THE TASK: Omit the pictures, then write out every entry exactly as it reads.

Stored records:

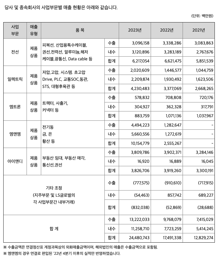 다만 LS와 관련해 고려해야 할 점이 있습니다. LS의 사업부문별 매출액을 살펴보면 흥미로운 점이 있습니다. LS의 사업보고서에는 다음과 같이 종속회사들의 실적이 기재되어 있습니다.
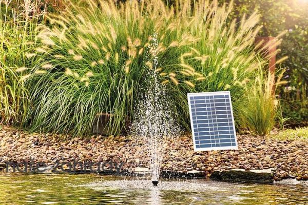 Ponorná filtrace s vodotryskem německé značky Pontec PondoRell 1500 UVC Solar pracuje na sluneční záření. Když je zataženo, může být připojena do sítě.
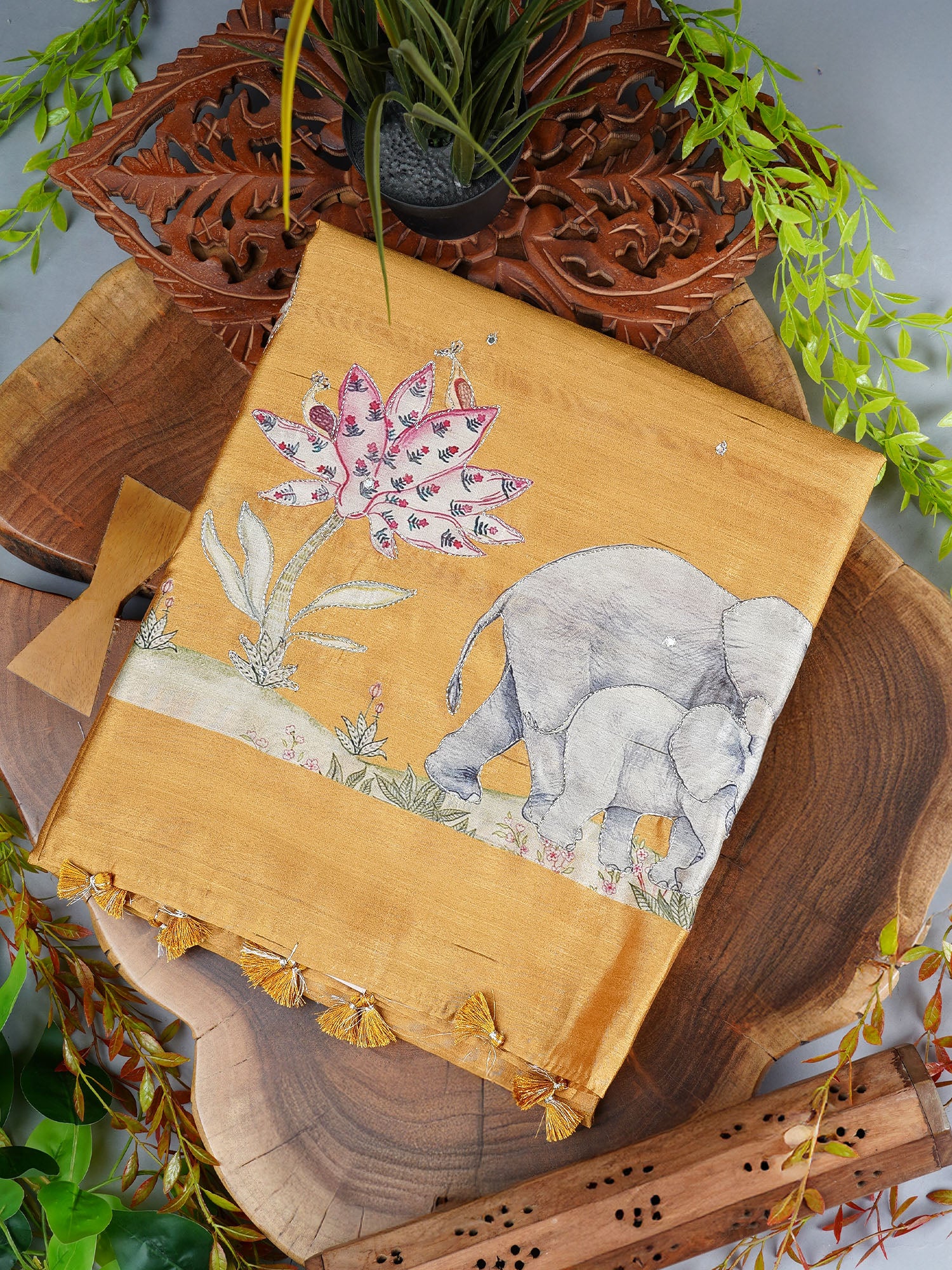 Elevate your ethnic wardrobe with this stunning Tussar silk saree that's pure magic. The luxurious Tussar fabric drapes beautifully, while intricate mirror work catches light from every angle—creating an enchanting sparkle that turns heads. Delicate ari embroidery adds layers of artisanal charm, making this piece a conversation starter at any celebration. The rich mustard hue brings warmth and sophistication, perfect for festive occasions or when you want to feel absolutely radiant. A timeless investment that blends traditional craftsmanship with contemporary flair.
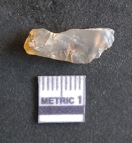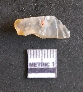 | Description / विवरण | The agate piece is translucent in appurtenance, with angular flaked edges and a bulb of percussion. The piece shows flake scars on the surface. |
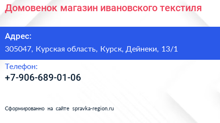 Домовенок, магазин ивановского текстиля по адресу 305047, Курская область, Курск, Дейнеки, 13/1 в дальнейшем Организация, размещена в следующих категориях:
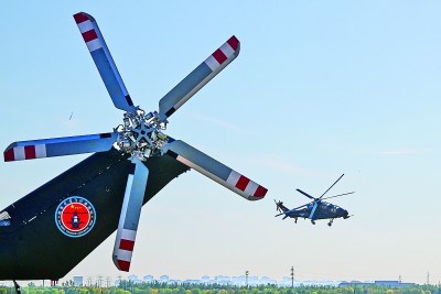 10月14日,第七届中国天津国际直升机博览会举行媒体探馆活动。本届天津直博会将于10月16日至19日在天津空港经济区举行。目前,各项筹备工作已进入冲刺阶段。图为参加飞行表演的直升机进行演练。 新华社记者 孙凡越摄
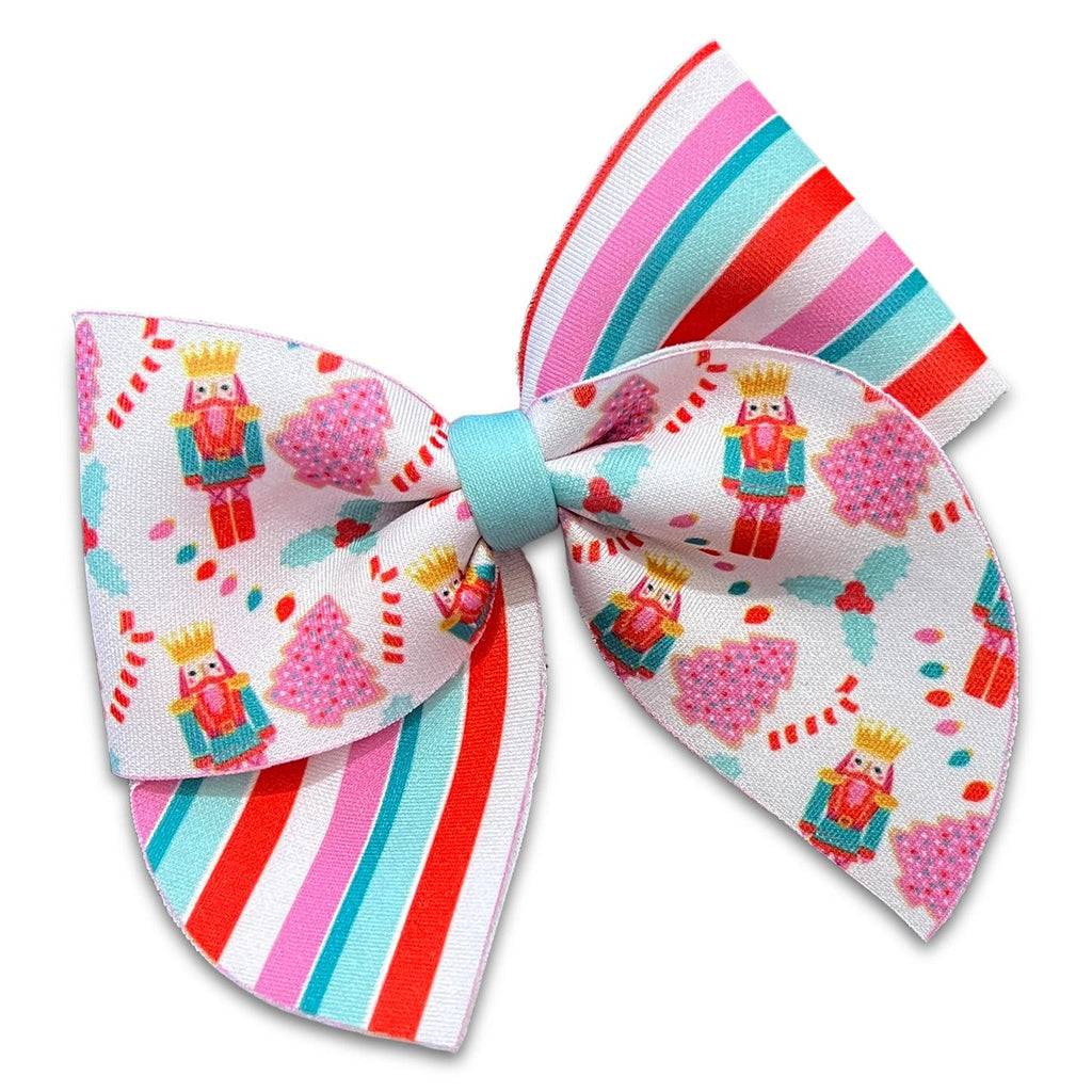 These no slip sailor hair bows are brand new and fabulous. Each bow is made from neoprene fabric which is a polyester and spandex mix. They're soft and lightweight, colorful, and perfect for the holiday season.

SOLVED PROBLEM:
 다만 LS와 관련해 고려해야 할 점이 있습니다. LS의 사업부문별 매출액을 살펴보면 흥미로운 점이 있습니다. LS의 사업보고서에는 다음과 같이 종속회사들의 실적이 기재되어 있습니다.
 Ponorná filtrace s vodotryskem německé značky Pontec PondoRell 1500 UVC Solar pracuje na sluneční záření. Když je zataženo, může být připojena do sítě.
 Elevate your ethnic wardrobe with this stunning Tussar silk saree that's pure magic. The luxurious Tussar fabric drapes beautifully, while intricate mirror work catches light from every angle—creating an enchanting sparkle that turns heads. Delicate ari embroidery adds layers of artisanal charm, making this piece a conversation starter at any celebration. The rich mustard hue brings warmth and sophistication, perfect for festive occasions or when you want to feel absolutely radiant. A timeless investment that blends traditional craftsmanship with contemporary flair.
 | Description / विवरण | The agate piece is translucent in appurtenance, with angular flaked edges and a bulb of percussion. The piece shows flake scars on the surface. |
 Домовенок, магазин ивановского текстиля по адресу 305047, Курская область, Курск, Дейнеки, 13/1 в дальнейшем Организация, размещена в следующих категориях:
 10月14日,第七届中国天津国际直升机博览会举行媒体探馆活动。本届天津直博会将于10月16日至19日在天津空港经济区举行。目前,各项筹备工作已进入冲刺阶段。图为参加飞行表演的直升机进行演练。 新华社记者 孙凡越摄
 These no slip sailor hair bows are brand new and fabulous. Each bow is made from neoprene fabric which is a polyester and spandex mix. They're soft and lightweight, colorful, and perfect for the holiday season.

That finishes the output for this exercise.